İnsanlığın var oluşundan beri toplumu ileriye taşıyan hareketler, hep bir sorun olarak görüldü. Toplumsal gelişmeler konusunda tarih boyunca farklı kriterler sergilendi. Örneğin, dini kriterler, toplumsal gelişimleri ilahi iradenin bir fonksiyonu olduğunu savundu ve XV. yüzyıla kadar da önemini korudu. Dinin, bilim ve kültür üzerindeki etkisi kaybolmasa da Rönesans’tan itibaren kademeli olarak azaldı. Thomas Hobbes’in dediği […]
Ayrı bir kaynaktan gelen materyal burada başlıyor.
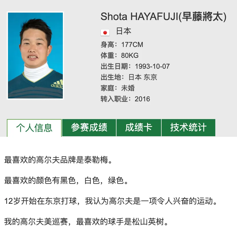 中巡赛官网上的早藤将太介绍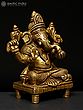 8" Relaxing Ganesha Idol with Cushion | Handmade Brass Statues | Made in India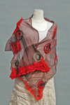 2009Donkerbruine zijde sjaal met rode en bruine tinten wol gevilt. Op enkele plekken is rood spaans kant verwerkt.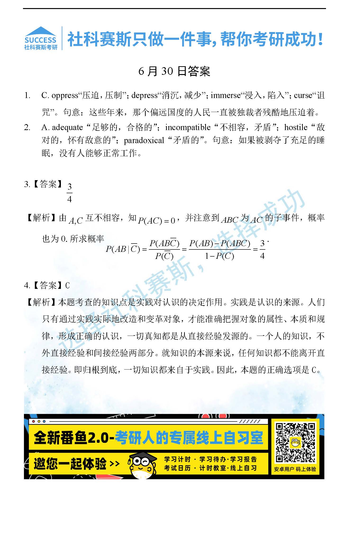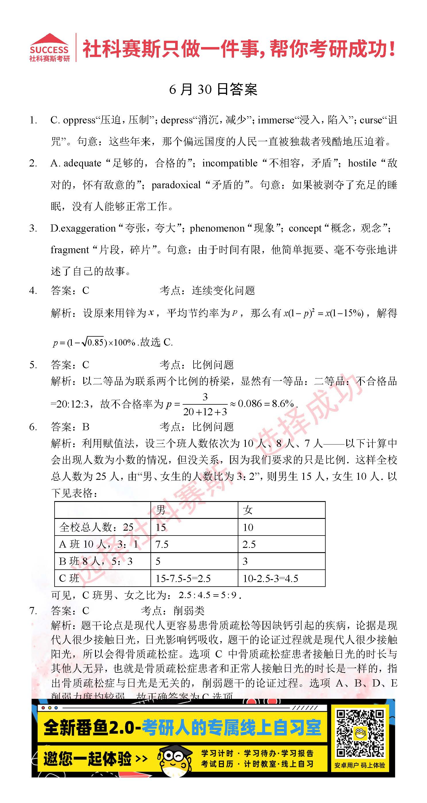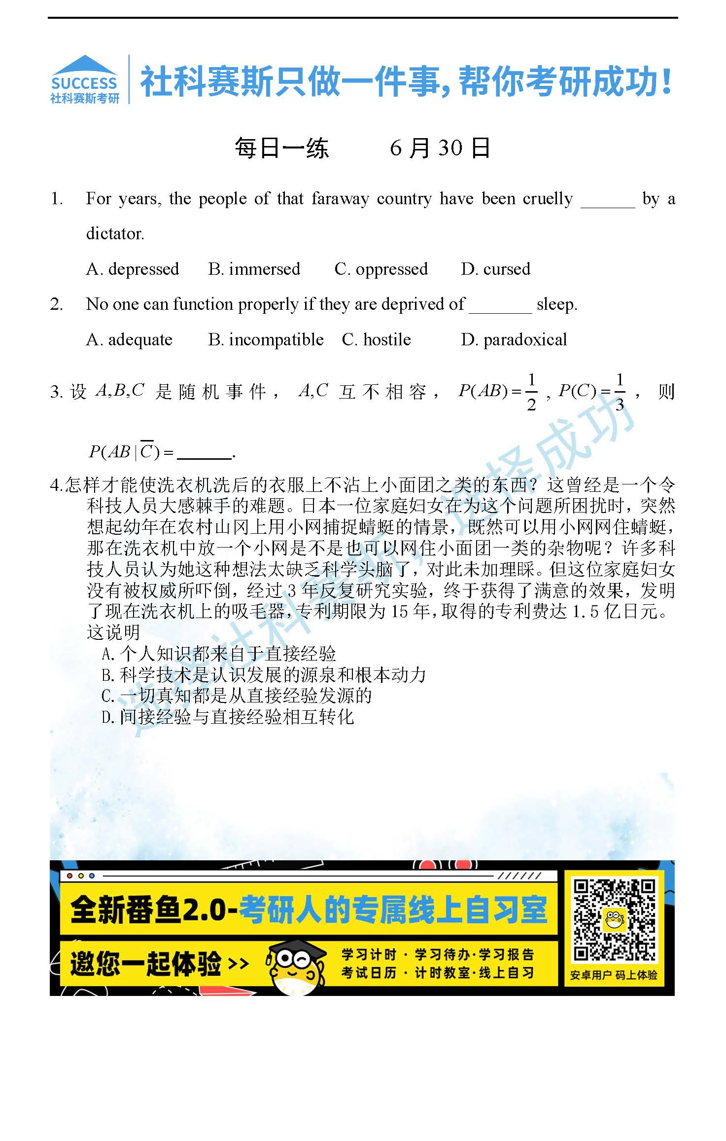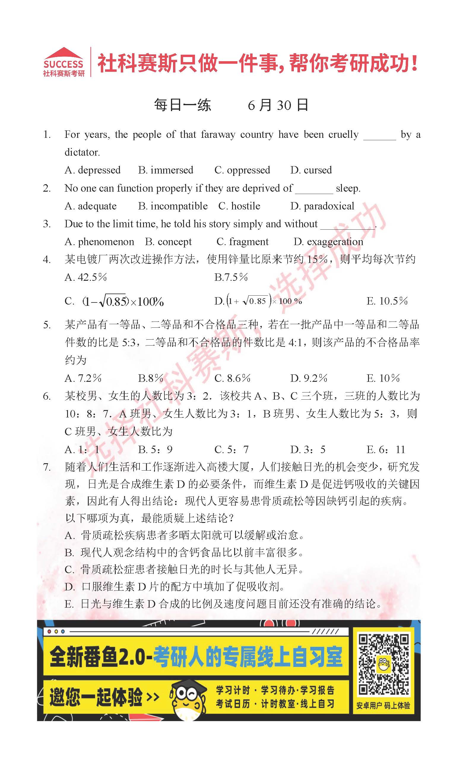 2022考研每日一練:6月30日管理類聯(lián)考每日一練及答案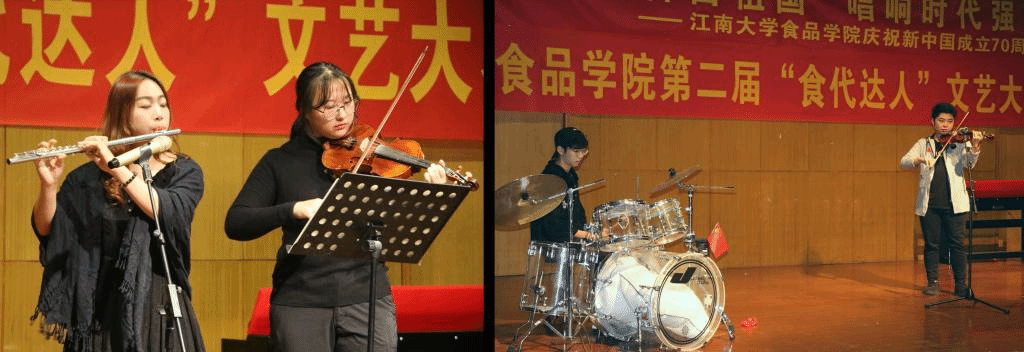 决赛伊始,主持人首先向大家介绍了到场嘉宾以及评比规则。随后,进入决赛的12组同学逐一登台献艺。他们褪去初赛时的紧张状态,以精心准备的表演为在座观众呈现了一场视听盛宴,赢得掌声阵阵。王胤老师和童红燕也对选手们的表演给予精彩点评,鼓励更多的食品学子参与到文体活动中,秀出别样的食代风采。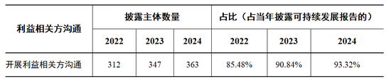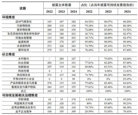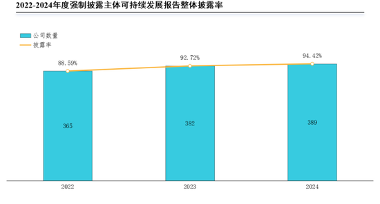 整体来看,2022至2024年度,绝大部分强制披露主体已披露可持续发展报告,2024年度披露率达94.42%(389家)。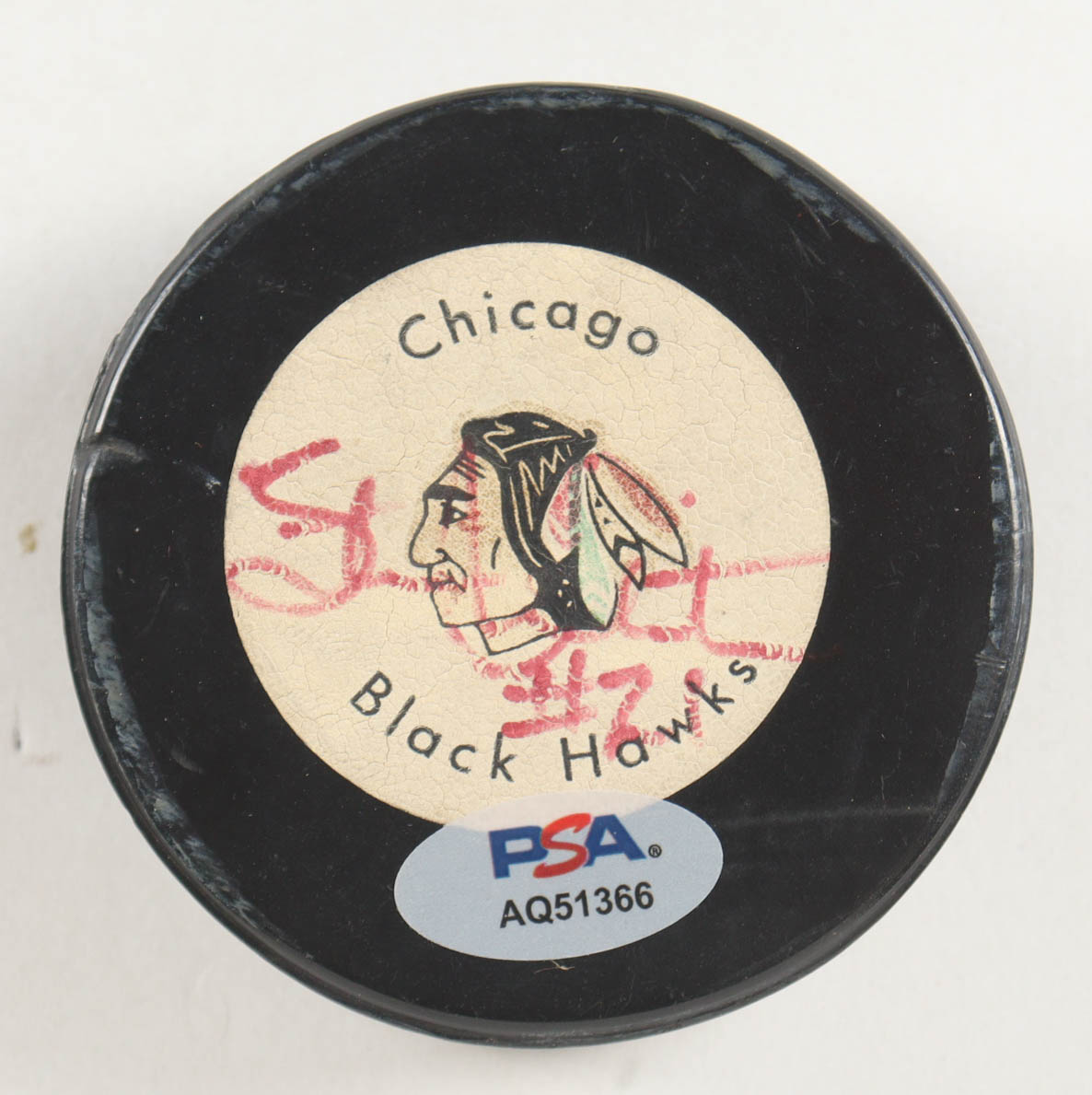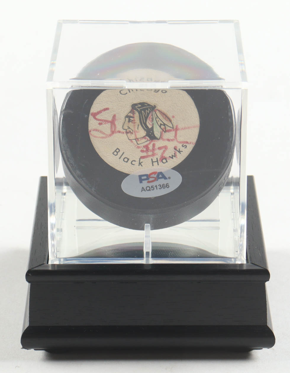 Stan Mikita Signed Black Hawks Logo Hockey Puck In Display Case (PSA)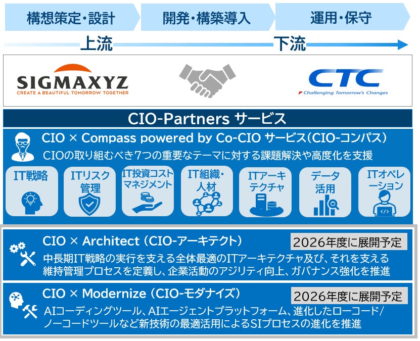 伊藤忠テクノソリューションズ株式会社(代表取締役社長:新宮 達史、本社:東京都港区、略称:CTC)は、株式会社シグマクシス(代表取締役社長:太田 寛、本社:東京都港区、以下 シグマクシス)と連携し、企業の最高情報責任者(CIO:Chief Information Officer)に向けて、企業の戦略立案から実行までを一気通貫で伴走支援する「CIO-Partnersサービス」の提供を開始します。本サービスは、3つのオファリングから構成されており、第1弾として「CIO × Compass powered by Co-CIO サービス(CIO-コンパス)」を展開します。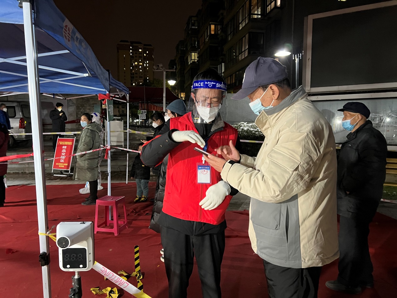 夜深了,下沉干部还在小区坚持维持核酸检测采样点的秩序、为老人指导手机二维码扫描

İnsanlığın var oluşundan beri toplumu ileriye taşıyan hareketler, hep bir sorun olarak görüldü. Toplumsal gelişmeler konusunda tarih boyunca farklı kriterler sergilendi. Örneğin, dini kriterler, toplumsal gelişimleri ilahi iradenin bir fonksiyonu olduğunu savundu ve XV. yüzyıla kadar da önemini korudu. Dinin, bilim ve kültür üzerindeki etkisi kaybolmasa da Rönesans’tan itibaren kademeli olarak azaldı.
Thomas Hobbes’in dediği gibi “Din, insanların bilinmeyen güçlere olan korkusundan doğmuştur. Batıl inanç ile din arasında hiçbir fark yoktur: din, devlet tarafından tanınan bir hurafedir.” Marksizm içinde din, ilkel insanın, bilgisizliğinin bir ürünüdür. İnsanoğlu tanrıyı, anlamadığı doğa olaylarını açıklamak için icat etti. Böylece yağmur, ateş, şimşek, renk, güneş ışığı, ilahi bir el oldu. Bu ilkel putperest inançlar, sentezlenerek ve ilerletilerek beli başlı tanrılara, tek tanrıya ve daha sonra da modern dinlerin tek tanrıcılığına dönüştü.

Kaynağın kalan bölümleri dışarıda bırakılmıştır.